Ende Dezember 2004 sorgte der Asteroid 2004 MN4 für Aufregung: Auf der Gefahren-Skala der Wissenschaftler erreichte der Brocken den bislang höchsten Wert - eine Kollision mit der Erde im Jahr 2029 schien nicht vollkommen ausgeschlossen. Wenig später jedoch gab die NASA Entwarnung. Jetzt fragen sich Astronomen, ob das nicht ein wenig voreilig war.

Einschlag

Asteroid 2004 MN4 wird die Erde 2029 verfehlen, doch wie sieht es später aus?
Bild: NASA /Don Davis

Ein 300 Meter großer Asteroid, der im Jahr 2029 knapp an der Erde vorbei fliegt, könnte zu einem späteren Zeitpunkt zu einer Gefahr werden. Die Anziehungskraft der Erde könnte nach Ansicht der Astronomen den Kurs des Himmelskörpers so ändern, dass er 2034 oder 2035 doch noch auf die Erde stürzt. Der genaue Kurs des Asteroiden nach seinem Rendezvous mit der Erde lässt sich nur schwer voraussagen. Die Forscher fordern daher, dass der kosmische Felsbrocken mit einem Radiosender versehen wird, der seine Verfolgung erleichtert.

"Wir wissen nicht, woraus der Asteroid 2004 MN4 besteht", erläutert Benny Peiser von der Liverpool John Moores Universität das Problem der Himmelsforscher: Die Zusammensetzung des Asteroiden entscheidet mit darüber, wie die Schwerkraft der Erde den Kurs des Himmelskörpers verändert. "Vermutlich wird der Asteroid in eine Umlaufbahn geworfen, die den Orbit der Erde nicht schneidet. Aber wir wissen es nicht."

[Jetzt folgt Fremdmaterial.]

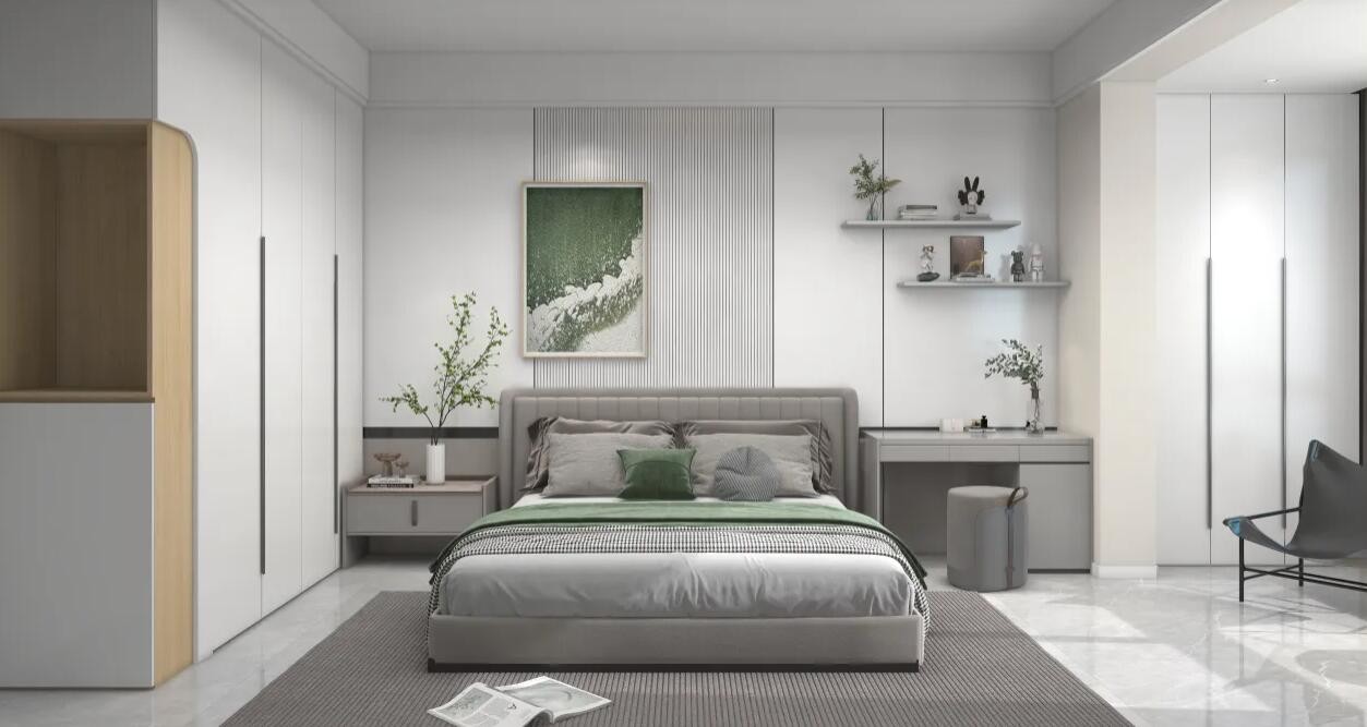 奶油白的恬静与墨绿的淡雅相互成就,在大面积的白色铺展之下,卧室中只是点缀几许绿,便如锦上添花般打造出怡人的休憩环境。 房间背景墙一角布置墙壁收纳,几本书籍、一株绿植,亦或手办玩偶的装点,丰富空间层次之余,也是生活治愈之所,勾勒出轻松且自在的氛围。

2004 MN4 passiert die Erde im April 2029 - an einem Freitag, den 13. - in einem Abstand von 25.000 bis 40.000 Kilometern. Das entspricht etwa einem Zehntel der Entfernung Erde-Mond. Vom Erdboden aus sollte der Himmelskörper dann als hell leuchtender, sich rasch bewegender Punkt am Nachthimmel zu erkennen sein.

Peiser und andere Experten fordern nun, den Asteroiden mit einem Radiosender auszustatten, um den Kurs des Himmelskörpers genauer verfolgen zu können. Eine Gelegenheit dazu bietet sich 2012, wenn der Asteroid in etwa 15 Millionen Kilometern Entfernung an der Erde vorbei fliegt. "Das ist keine allzu große Entfernung für eine Weltraummission", so Peiser. Eine Raumsonde könnte zugleich auch die Zusammensetzung von 2004 MN4 untersuchen - damit wir auf der Erde für den Fall des Falles Abwehrmaßnahmen vorbereiten können.